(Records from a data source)
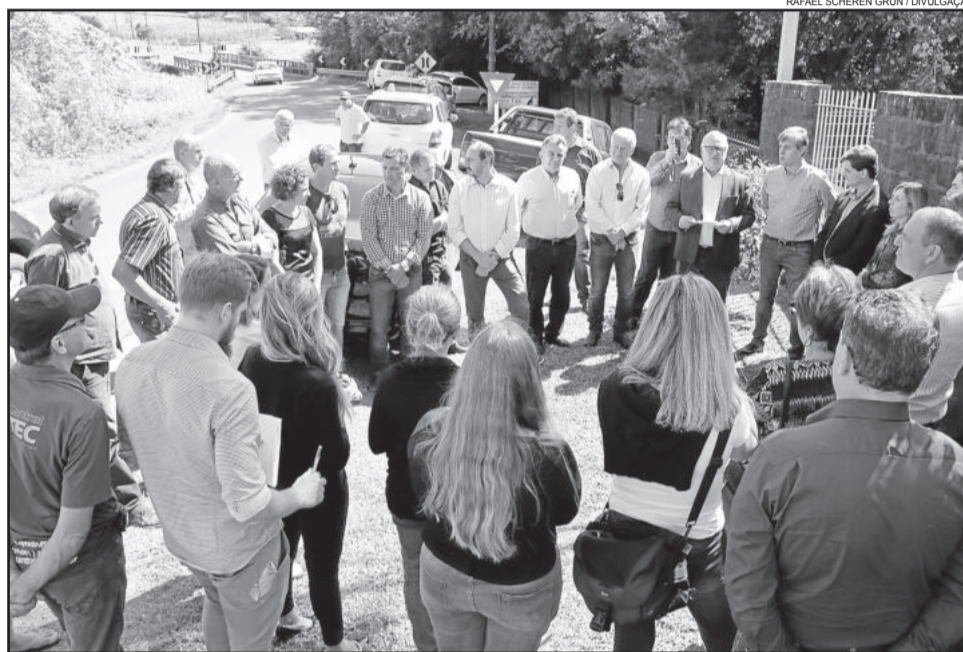
Autoridades no ato que marcou a ordem de início da construção da nova ponte da ERS 413

A nova estrutura será erguida a um custo de R$ 870 mil. A contrapartida do município será o aterramento das cabeceiras da ponte. Hoje, a estrutura permite a passagem de um único veículo por vez, o que provoca filas em ambos os lados. Com a construção da nova ponte, que ficará à esquerda da atual (no sentido Lajeado-
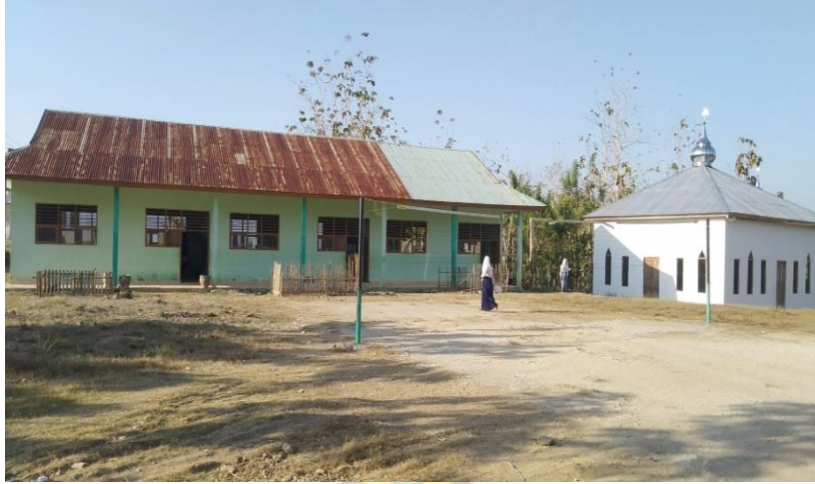
Siswa Mas Al-Amin Labokeo
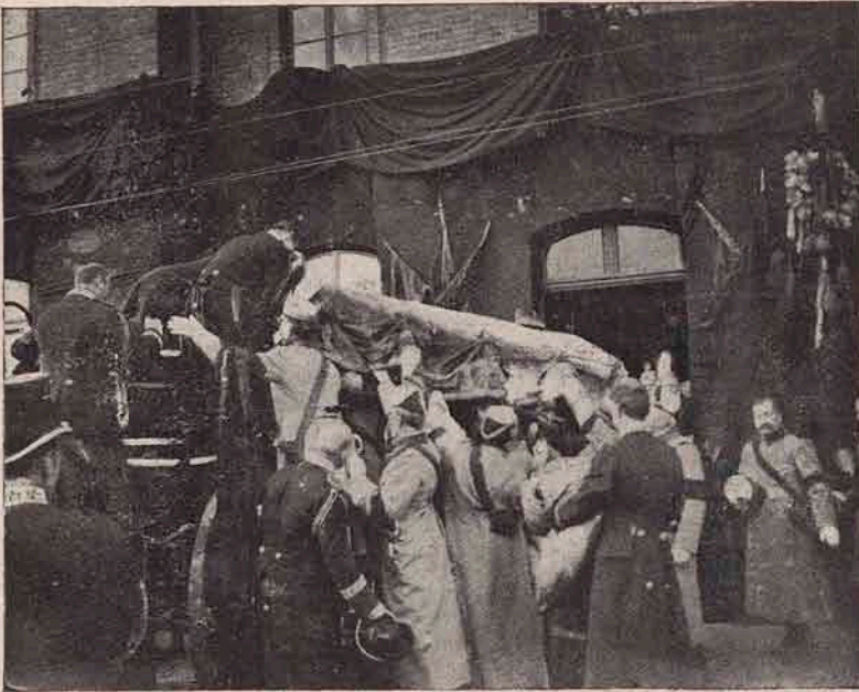
Așezarea sicriului pe afetul de tun, după scoborîrea din vagon.

brăzate cu doliu, par'că ceriul făc'a funerariile celor morți, căci oamenii nu mai aveau timp.
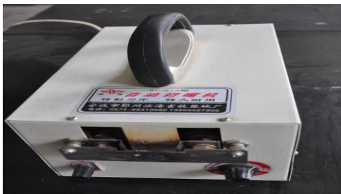
图 7-6-1 电热自动断喙器

插上电源，将刀片烧的灼热发红色，断喙器刀片温度为 800℃左右，此时，断喙操作者，左手抓雏鸡 A 和 B 两只（修喙鸡一只），A 鸡置于拇指与食指之间，B 鸡置于左手的无名指和小指之间备用。右手拇指压住 A 鸡的头顶，食指放在咽下并稍向上顶可使
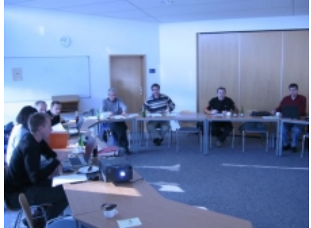
Die JHV in Kassel

Trotzdem wurden sehr interessante Themen behandelt. Neben der Neuwahl des Präsidiums standen Erweiterungen für den Bestandserhebungsbogen, die Ziele des DFV für die Zukunft, die Einrichtung eines Pressereferates, Satzungsänderungen und verschiedene Anträge auf der Tagesordnung.
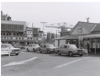
昭和 55 年頃の品川駅
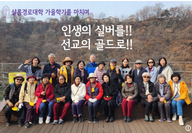
살롬경로대학 가을학기를 마치며

열정으로 교육을 맡아주신 목사님, 전도사님들께 감사드리며 우리의 주관자이신 하나님께 감사와 영광 올려 드립니다.
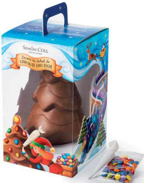
Árbol Navidad Decora 365g. Referencia: 1689
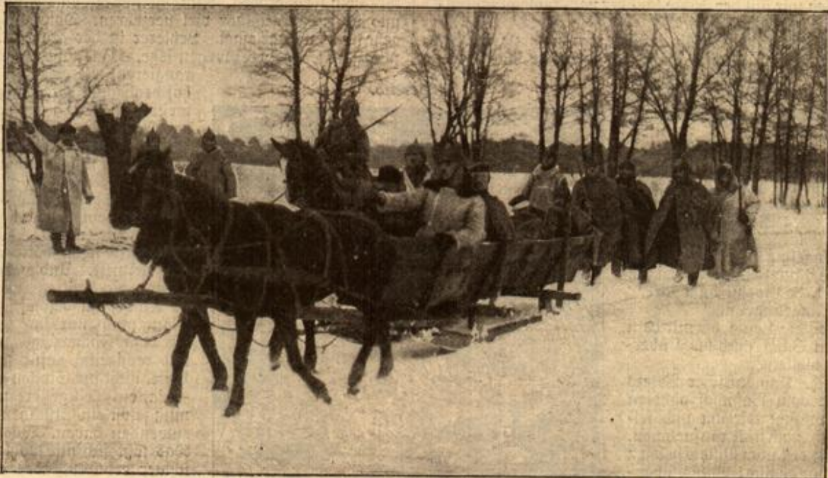
Ein Verwundetentransport auf dem Kriegsschauplatz in Russisch-Polen.

Vorstehendes Bild zeigt uns mehr die heitere Seite des Krieges. Dieser hat ja neben dem blutigen, schicksalsschweren Ernste, der dem Kampf ums Dasein eigen ist, auch seine Freuden. Wir sehen zunächst eine Milchstunde in einem Viehdepot. Dem kämpfenden Heere folgt in notwendigen Abstände Viehherde auf Viehherde, um mit Hilfe der rasch vollstündlich gewordenen Gulaschkanone in den Magen unserer Vaterlandsverteidiger zu wandern. Ob Kuh- oder Ochsenfleisch, darauf kann keine Rücksicht genommen werden. In der Gulaschkanone herrscht allgemeine Gleichheit. Vor dieser Verwandlung aber in Gulaschfleisch werden noch die Nebenprodukte der zur Verfügung stehenden Kühe gewonnen, um für den täglichen Kaffee die begehrte Milch zu liefern.
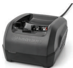
CARREGADOR HUSQVARNA QC250 967 97 01-01
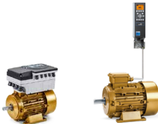
Selbstgekühlter IP55 Frequenzumrichter, geeignet für Motormontage
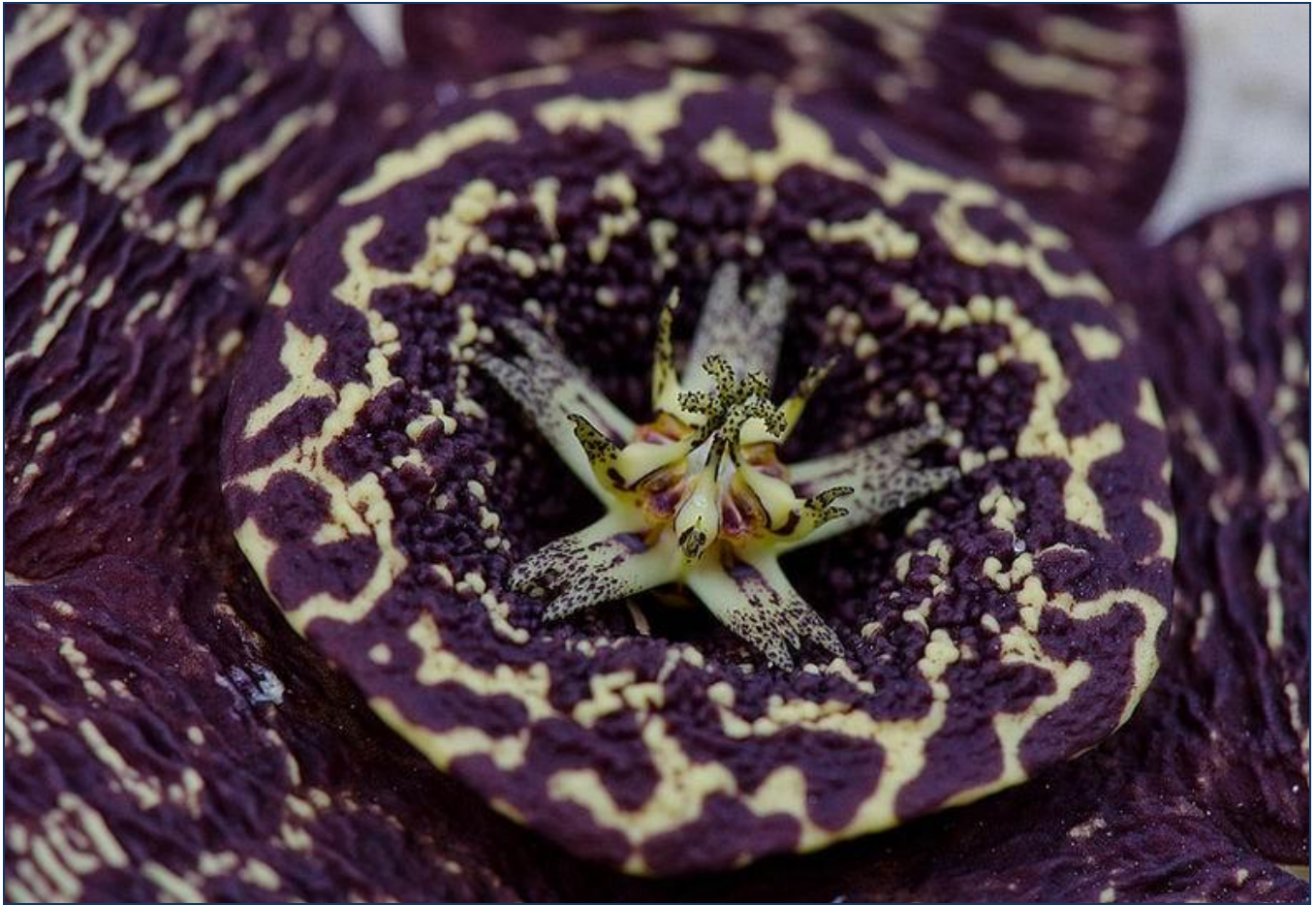
Stapelia variegata by J. S.
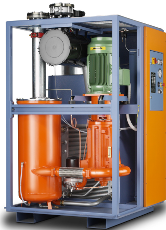
Vakuumpumpe Pneumofore UV16

Bei diesen Vorteilen sollte es nicht schwer sein, einen Kunden zu überzeugen, seine Flüssigkeitsringpumpen durch Drehschieberpumpen zu ersetzen. So einfach ist es allerdings nicht, wie Santoro erläutert: „Die Schwierigkeit liegt in der Generation. Junge Unternehmer rüsten leichter um, sie sehen das lockerer als Unternehmer der älteren Generation. Es ist schwer, einen Familienbetrieb zu überzeugen, die Technologie zu ändern, wenn sie seit Jahren Wasserringpumpen benutzen, die auch immer ihren Dienst getan haben. In vielen Fällen sind sie zufrieden, weil sie die Alternative der Drehschieberpumpen nicht kennen, und es ist schwer, alle Vorteile rein aufs Wort zu glauben. Außerdem sind nicht alle Drehschieberpumpen gleich. Pneumofore verwendet nur Schieber aus Aluminiumlegierung, die praktisch unzerstörbar sind, und nicht aus Kunststoffmaterial, die dem Verschleiß unterliegen. Die Pumpen von Pneumofore können ganzjährig 24 Stunden am Tag arbeiten und dieselbe Vakuumproduktion wie am ersten Tag garantieren, wobei sie nur eine gewöhnliche Wartung mit Ölwechsel und Filteraustausch erfordern.“
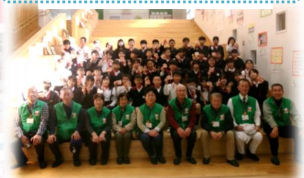
民生ジュニアの活動（5年生）
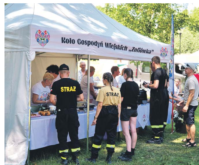
• Dużą popularnością cieszyło się stoisko (a w zasadzie oferta) Koła Gospodyń Wiejskich z Zofiówki. Pyszne było...
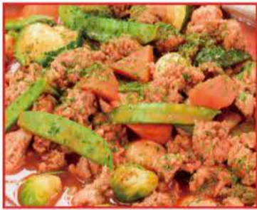
大豆ミートの菜園風トマト煮込み
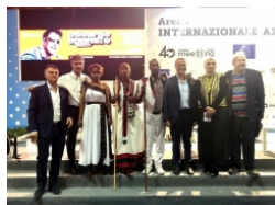
Il Ciheam Bari protagonista alla 40esima edizione del Meeting di Rimini. Il tema scelto è stato: Meno fragili, più uguali
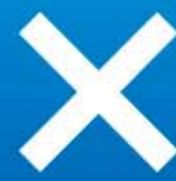
除菌、ウイルスの作用を抑制します
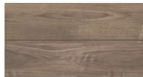
ウォールナットF ★のお部屋
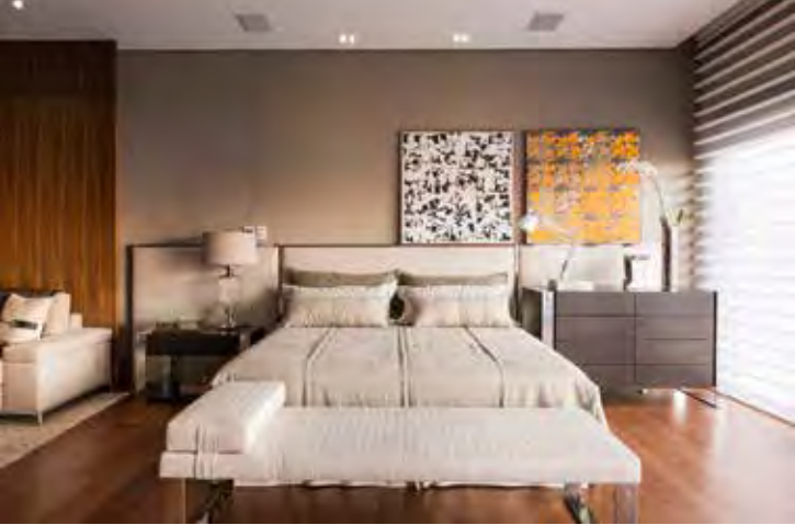
À direita da cama, uma cômoda no lugar da mesa de cabeceira. A implementação da peça trouxe uma nova interpretação para o layout, além de novas funções para o mobiliário
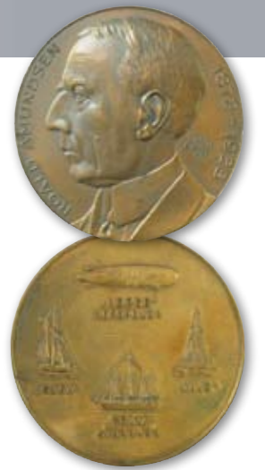
Herinneringsmedaille die twee jaar na de dood van Amundsen werd uitgegeven.
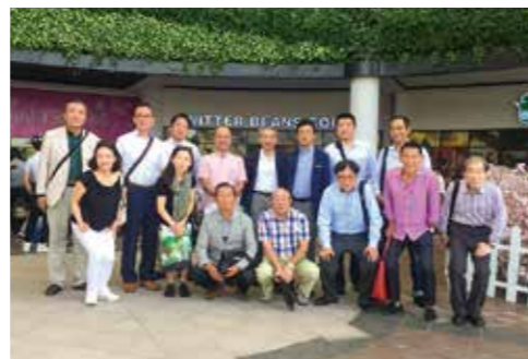
ベトナム・ハノイ 視察ツアー

## TASK TO CARRY OUT
The result should be an exact copy of only the lines above from the one that holds "Árbol Navidad Decora 365g. Referencia: 1689" through the one that holds "Vakuumpumpe Pneumofore UV16", both ends included, without pictures.

## EXPECTED ANSWER
Árbol Navidad Decora 365g. Referencia: 1689
Ein Verwundetentransport auf dem Kriegsschauplatz in Russisch-Polen.

Vorstehendes Bild zeigt uns mehr die heitere Seite des Krieges. Dieser hat ja neben dem blutigen, schicksalsschweren Ernste, der dem Kampf ums Dasein eigen ist, auch seine Freuden. Wir sehen zunächst eine Milchstunde in einem Viehdepot. Dem kämpfenden Heere folgt in notwendigen Abstände Viehherde auf Viehherde, um mit Hilfe der rasch vollstündlich gewordenen Gulaschkanone in den Magen unserer Vaterlandsverteidiger zu wandern. Ob Kuh- oder Ochsenfleisch, darauf kann keine Rücksicht genommen werden. In der Gulaschkanone herrscht allgemeine Gleichheit. Vor dieser Verwandlung aber in Gulaschfleisch werden noch die Nebenprodukte der zur Verfügung stehenden Kühe gewonnen, um für den täglichen Kaffee die begehrte Milch zu liefern.
CARREGADOR HUSQVARNA QC250 967 97 01-01
Selbstgekühlter IP55 Frequenzumrichter, geeignet für Motormontage
Stapelia variegata by J. S.
Vakuumpumpe Pneumofore UV16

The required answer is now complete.